Academic journal article Psychological Test and Assessment Modeling

Test Order Effects in an Online Self-Assessment: An Experimental Study

Academic journal article Psychological Test and Assessment Modeling

Test Order Effects in an Online Self-Assessment: An Experimental Study

Article excerpt

Computer based online self-assessments, where testees can assess their abilities, proficiencies, interests or attitudes without supervision of trained test administrators, are becoming increasingly popular in educational contexts: When it comes to provide support for students to select the field of study that best matches their interests and abilities, online self-assessments are already an important assessment tool in German-speaking countries (for examples see Hornke, Wosnitza & Bürger, 2013, or Kubinger, Frebort, Khorramdel & Weitensfelder, 2012, 2013). For the design and development of such online test batteries some recommendations exist with regard to the use of certain tests and instruments: Kubinger (2015) suggests the use of objective personality tests based on experimental-based behavior tasks in addition to personality questionnaires based on self-ratings, he also enunciates against too brief test batteries, which might not meet psychometric quality standards. However, not much research can be found yet on how such online-assessments should be put together regarding the order of the contained tests - this paper aims to close this gap.

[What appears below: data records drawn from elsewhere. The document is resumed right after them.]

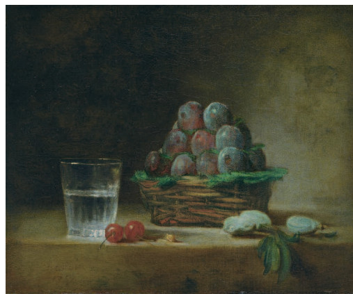
Jean-Siméon Chardin (1699-1779) Panier de prunes et verre d'eau, 1759 Huile sur toile, 37 x 45,5 cm Collection Oskar Reinhart « Am Römerholz », Winterthur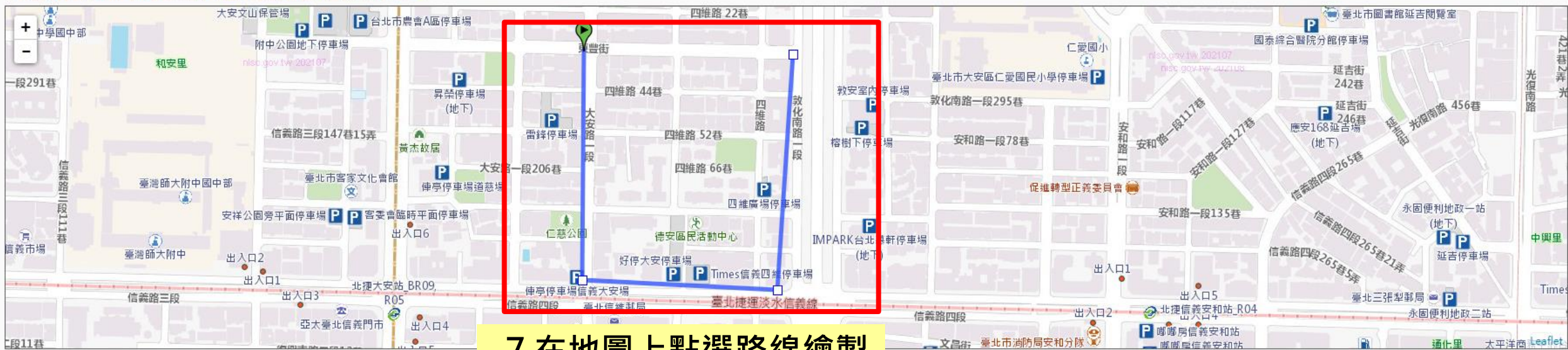
7. 在地圖上點選路線繪製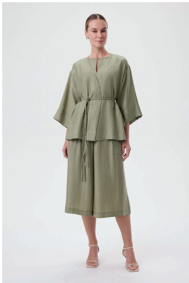
21-09-240 Жакет с поясом «Олива» 21-09-248 Шорты «Олива»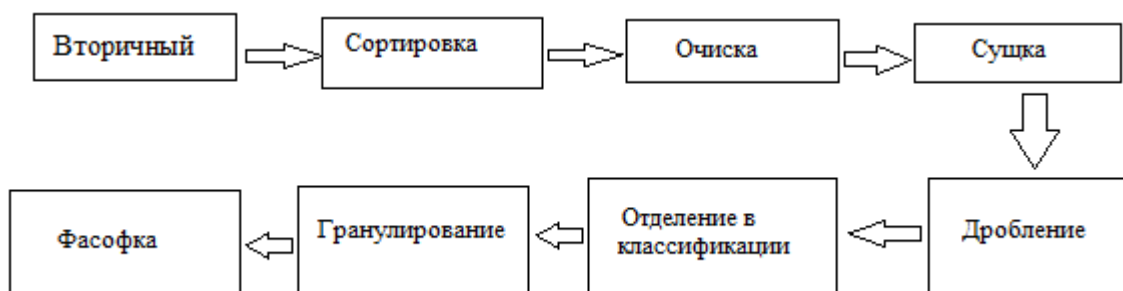
Рисунок 1. Блок-схема технологического процесса подготовки и переработки отходов полиэтилена

экологически безопасен. Кроме того, переработка создает возможности для экономии ресурсов. Переработка ПЭ регламентирована нормативными документами, в частности ГОСТ Р 54533-2011, ГОСТ 33573-2015. Технология переработки отходов полимерных материалов включает несколько последовательных стадий: сортировку, дробление, разделение смешанных отходов, промывку, сушку. После этого материал переносится на гранулу. Блок-схема технологического процесса подготовки и переработки отходов полиэтилена представлена на рис. 1.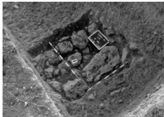
Fig. 2. Cimentació trobada en el sondeig 6 (UE 609).

d' opus caementicium que divideix les terrasses central i inferior del sector NE de la Moleta. En la campanya del 2008 es van trobar dues inhumacions que mostraven la utilització d'aquesta zona com a necròpolis d'una alqueria andalusina,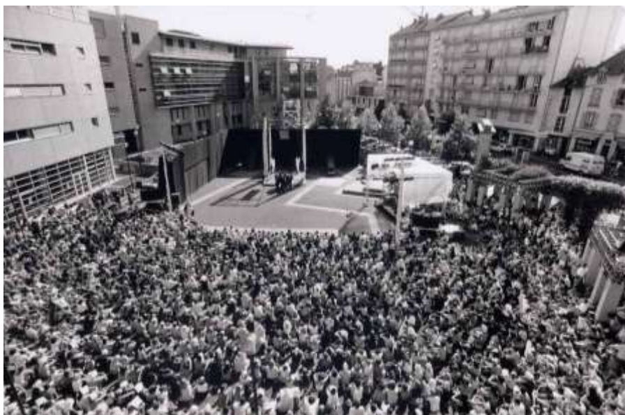
NANAQUI - Festival d'Aurillac 1998 - © Ch. Raynaud de Lage

En 1997, el Teatro del Silencio crea « Nanaqui- Dossier N° 262 602 – El Hombre que se dice Poeta », una pantomima de rock y de furor, un espectáculo de circo-teatro dedicado a Antonin Artaud, que después de su estreno en Valparaíso, viajara a Europa hasta fines de 1998, y realizará temporada de un mes y medio en Paris, en el destacado Espacio Circo del Parque de La Villette.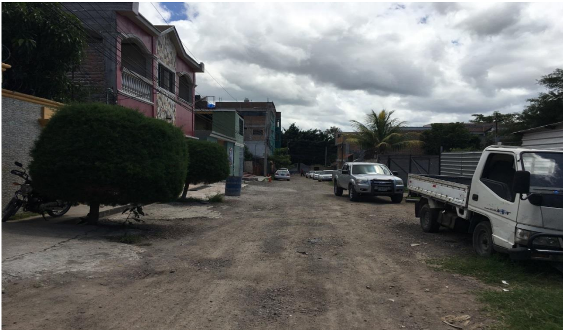
Panorámica de tramo a pavimentar con concreto hidráulico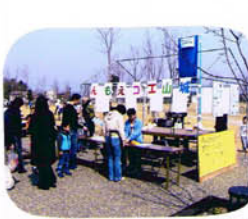
正解には エンペツが消ゴムをあげました。

北勢地区最大の環境ビッグイベントに参加しました。お客さんも大ぜい来てくれました。

Context effects regarding test order and test length

While also the presentation mode of online vs. traditional testing might have an effect, making it possible that online versions measure partly different constructs (e.g. Buchanan, 2001, 2002), the following study focuses solely on online self-assessments. Previous research regarding test order effects or effects of test length usually focuses on "traditional" testing situations. Hereby, the results are contradictory. While for the change of item order, resulting context effects can be seen as proven (e.g. Franke, 1997; Knowles, 1988; Ortner, 2008), results about effects caused by test order are inconsistent. Khorramdel and Frebort (2011) showed in a sample of managers that test order might have effects on the performance of experimental-based behavior tasks, but they found no effects on cognitive ability tests. The authors concluded that test order rather affects simple than complex tasks. However, these results could not be reproduced in a later study, where no test order effects could be found (Schünemann, 2013).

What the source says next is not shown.